Does anyone scan through Paper Catalogs anymore?

News Flash: In 2011, e-books outsold print books for the first time in human history. As of 2014, research has shown that just over half of the population of the United States owns a tablet computer or a dedicated e-reader. Why? The paper and pulp industry is the largest commercial user of water in the continental United States. It’s also the fourth largest contributor of toxins into our waterways, and the third biggest consumer of energy in the country. In short, printing costs everyone financially and environmentally.

So, it’s no surprise that the industrial world is following in the commercial worlds’ footsteps. In the Electric Industry, more and more companies are replacing paper catalogs with download links on their webpages, making all of the information available at the click of a button. But that brings up an interesting question: Are paper catalogs relevant anymore?

According to Walt Phillips, one of our best salesmen, paper catalogs will eventually become a thing of the past…but he doesn’t see it happening in his lifetime. Here’s why…

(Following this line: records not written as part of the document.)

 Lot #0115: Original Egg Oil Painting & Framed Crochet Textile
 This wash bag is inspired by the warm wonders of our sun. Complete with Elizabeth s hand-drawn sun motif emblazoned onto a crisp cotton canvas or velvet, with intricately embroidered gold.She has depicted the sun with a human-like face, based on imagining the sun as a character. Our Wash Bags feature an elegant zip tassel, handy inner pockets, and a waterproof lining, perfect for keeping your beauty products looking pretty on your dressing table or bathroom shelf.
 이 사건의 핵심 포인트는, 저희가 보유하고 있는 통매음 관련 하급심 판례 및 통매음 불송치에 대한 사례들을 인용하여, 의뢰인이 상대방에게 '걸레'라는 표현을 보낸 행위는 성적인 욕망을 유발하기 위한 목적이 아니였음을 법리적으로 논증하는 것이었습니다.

All of the manufacturers that Royal deals with are constantly creating new products to keep up with their competition. Consequently, their catalogs are constantly being updated with these new products, while old and outdated legacy products are deleted from their sales literature all together. This creates a problem, many refineries and factories in the U.S. and around the world (especially in 3rd world countries) are run by equipment that could be 20-30, or even 40 years old, and that equipment doesn’t appear in any recent online sales literature. At some point, the old legacy products are going to fail, and the refineries and factories which rely on them to function will be frantically trying to replace the parts to avoid down-time that could easily cost millions of dollars.

We all know that the internet is an invaluable resource that gives us access to an ever-growing cache of information (whether or not the information is useful is a completely different debate). But the internet doesn’t have all of the answers, and chances are that the facilities managers of these refineries won’t be able to find any relevant information on an obsolete 40 year old discontinued item. This is where catalogs come in.

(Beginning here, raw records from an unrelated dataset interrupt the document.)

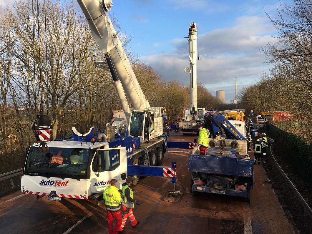 Inzwischen wird der Lastwagen nicht mehr durch die Feuerwehr sondern durch die Firma Autorent gesichert. Die nötigen Autokräne sind noch nicht eingetroffen. Nach der Bergung muss das Zugfahrzeug zunächst leergepumpt werden.
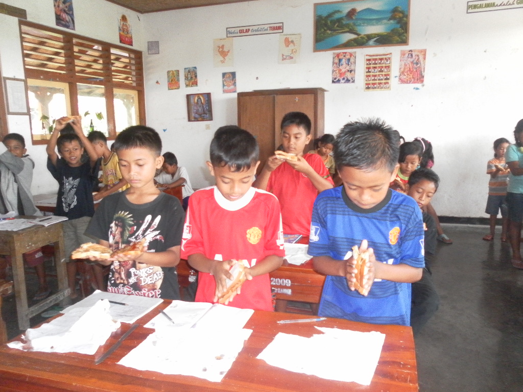 My work with the kids at the schools in Pejeng Kawan, keeps me busy creating new lesson plans for the classroom. Upon realizing that most of these 200+ children had no idea what a sandwich was, I decided to formulate a Peanut Butter and Jelly Sandwich lesson- which was a hit!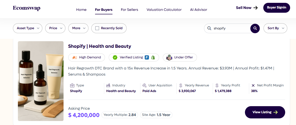 Shortlist 5 to 10 stores that match your brief from places like Ecomswap and other reputable operator groups. Curated marketplaces typically pre-verify profit and traffic, publish a profit multiple, and explain their process for offers and inspections. That saves time compared with raw, unvetted listings.

Walt takes pride in being able to provide and fulfill that service to his customers. One of the mantras that Walt lives by is to ‘never say no’ to an item inquiry, but says “let me look into it for you.” Having a dedicated catalog library gives Walt the tools to be able to stay ahead of the game, ‘Git Her Dun’ and perform his demanding duties at a consistently high level.

But at a certain point, Walt does think that paper catalogs will become obsolete. Let’s fast-forward to 2050. Eventually, all of the equipment that was produced pre-internet will be replaced with newer products. When factories and refineries have a 40 year old circuit breaker in 2050 and it fails, the internet will have all of the information available that would be needed as the catalogs from 2010 would be available on the internet in some capacity.

Catalogs also take up a large amount of space, and careful indexing and organizing of a dedicated library takes a lot of time. I should know, I’ve been in charge of organizing Royals library for the past 4 months and it’s still not even close to where it should be. There are also spatial issues on the manufacturer’s side as well; not only does a company have to pay to print countless catalogs, but the cost of both the warehouse in which they are kept, and the shipping also factor into a manufacturer’s stance on paper catalogs in a digital age.

Human error also plays a role in why catalogs are still relevant too. Lots of times, the information that the internet has online isn’t complete, or doesn’t even correspond to the part that it’s in reference to. So when a customer needs a part, they’ll get the wrong part numbers and product specifications, which leads to them buying a part that may or may not be what they’re looking for. This doesn’t happen when they call Royal, because Walt cross-references their information with the catalogs to make certain that each order is fulfilled correctly and each customer is satisfied.

So while they cost too much to print, stock and ship, especially in today’s economy, paper catalogs still serve a very important function in the world of electrical sales. The time will come when catalogs are exclusively released via the internet, and when a dedicated sales literature library will serve no purpose, but according to Walt it doesn’t look like it is going to happen anytime in the near future.